Businesses urged to put staff wellbeing at the forefront for World Mental Health Day

Date published: 09 October 2019

To mark World Mental Health Day on October 10, the UK’s association for Employee Assistance Programmes (EAPs) is calling on businesses to do more to make staff aware of what help is available to them, especially when it comes to mental health.

Eugene Farrell, chair of the Employee Assistance Programme Association (EAPA) – the research body which represents the interests of Employee Assistance Programme providers across the UK – says World Mental Health Day is the perfect time to remind businesses that they can and should be doing far more to make employees know that help is available to them through their employer.

Take-up of Employee Assistance Programme services by employees in the UK is alarmingly low. Only 5% of employees with an Employee Assistance Programme make use of it, despite the fact that nearly half of the UK’s workforce have an Employee Assistance Programme as part of their employee benefits.
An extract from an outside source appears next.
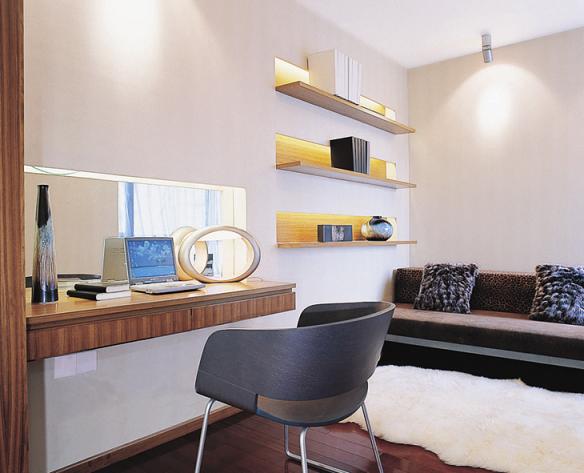 如果家中有一間書房,那最理想不過。如果沒有專門的書房,也可以選擇舒適的角落辟出空間作為書房。在進行書房設(shè)計時,有幾個方面要特別注意。

Eugene says: “World Mental Health Day this year is about a very solemn topic indeed: suicide. With deaths by suicide having risen by 11.8% in 2018, this is something that every single one of us must take extremely seriously, and employers have a big part to play in that.

“A lot of the themes around this year’s World Mental Health Day are about taking time to reach out to those in need. We urge businesses to reach out to their staff by letting them know about any support that is available to anyone who is struggling with their mental health. We also urge employers to look at how their Employee Assistance Programme fits into the wider wellbeing strategy so that all elements of support are working together effectively to support employee mental health.”
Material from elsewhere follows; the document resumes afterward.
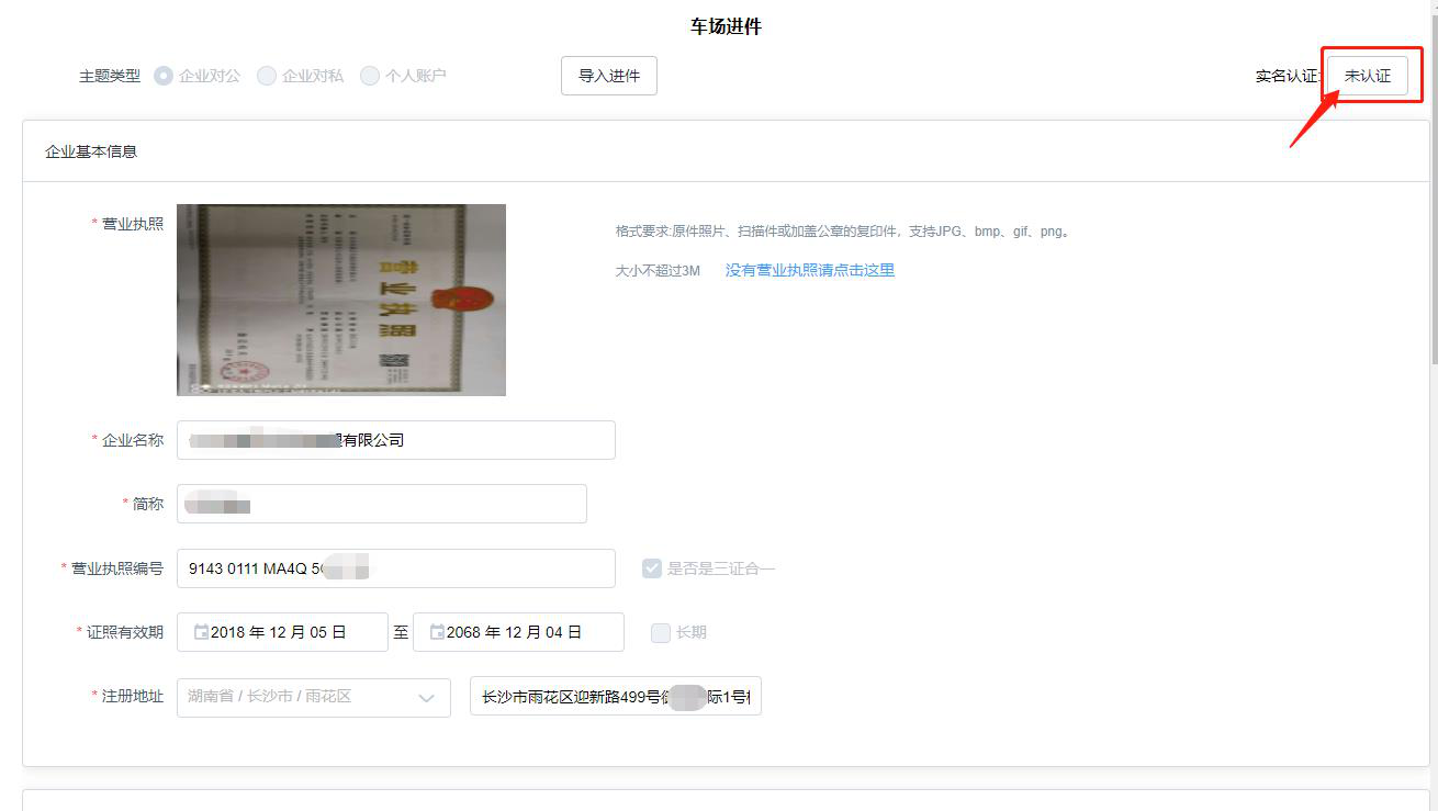 第一步:登錄后臺進件頁面右上角,點擊未認證按鈕

Employee Assistance Programmes are designed to offer staff a range of support with issues they may be struggling with, including physical discomfort, financial problems and mental health, with the aim of boosting morale and wellbeing. EAPA’s research shows that a greater focus on mental health generally has been accompanied by a growing demand for support. The most common uses of an Employee Assistance Programme are for depression and coping with family events.

EAPA urges employers to look at what more they can do to encourage staff to take up and benefit from Employee Assistance Programme services.
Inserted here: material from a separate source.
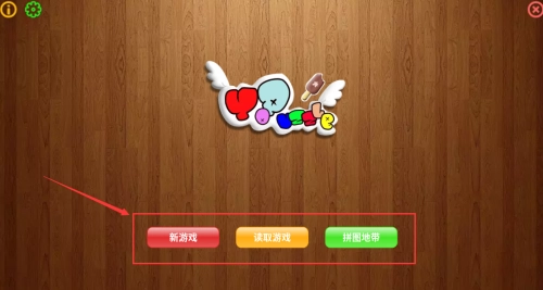 点击红色的“新游戏”按钮即可开启冒险之旅,若想继续之前的进度,可点击黄色的“读取”按钮,而绿色按钮则对应进入拼图模式的功能。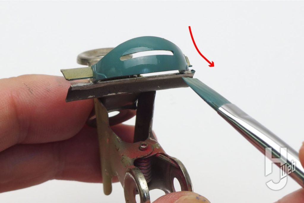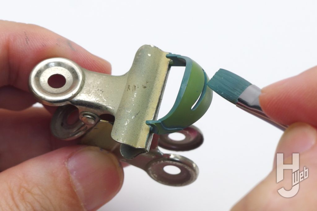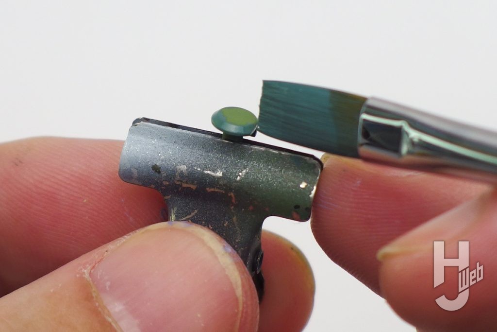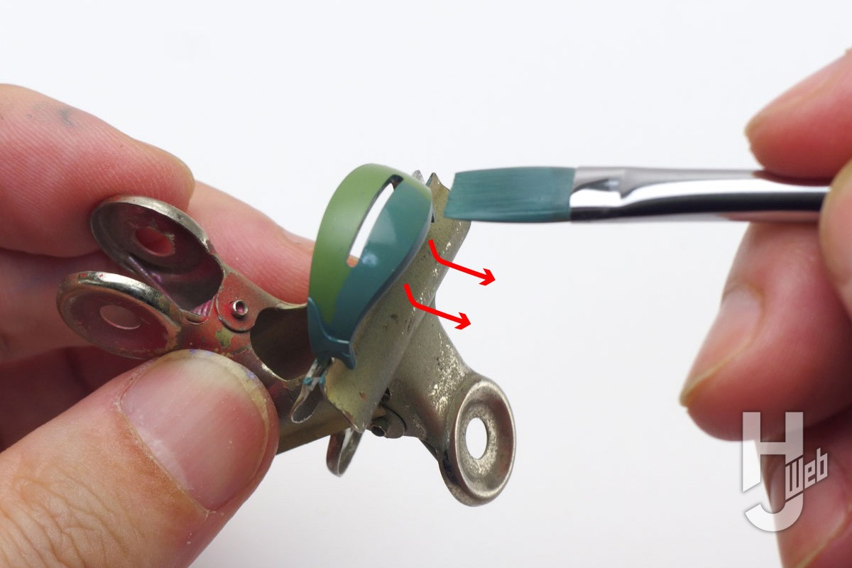 ▲他の細かなパーツも、面ごとに筆を運ぶ向きを変えつつ塗っていくのは同様です。画像はパーツ外周を筆の端で塗っているところで、次に広い平面部を~という順

World Mental Health Day is a perfect opportunity to build awareness and knowledge of how an Employee Assistance Programme can support staff.

Some ideas might include: 

  • An email to all staff to mark World Mental Health Day that contains a simple message about the importance of mental health and wellbeing and signposting to the Employee Assistance Programme and ways to access it.
  • Virtual posters on workplace sites/social media pages marking World Mental Health Day and advising staff as to how they can access support from their Employee Assistance Programme.
  • Host a series of informal meetings/talks on World Mental Health Day, advising staff of how they can access their Employee Assistance Programme.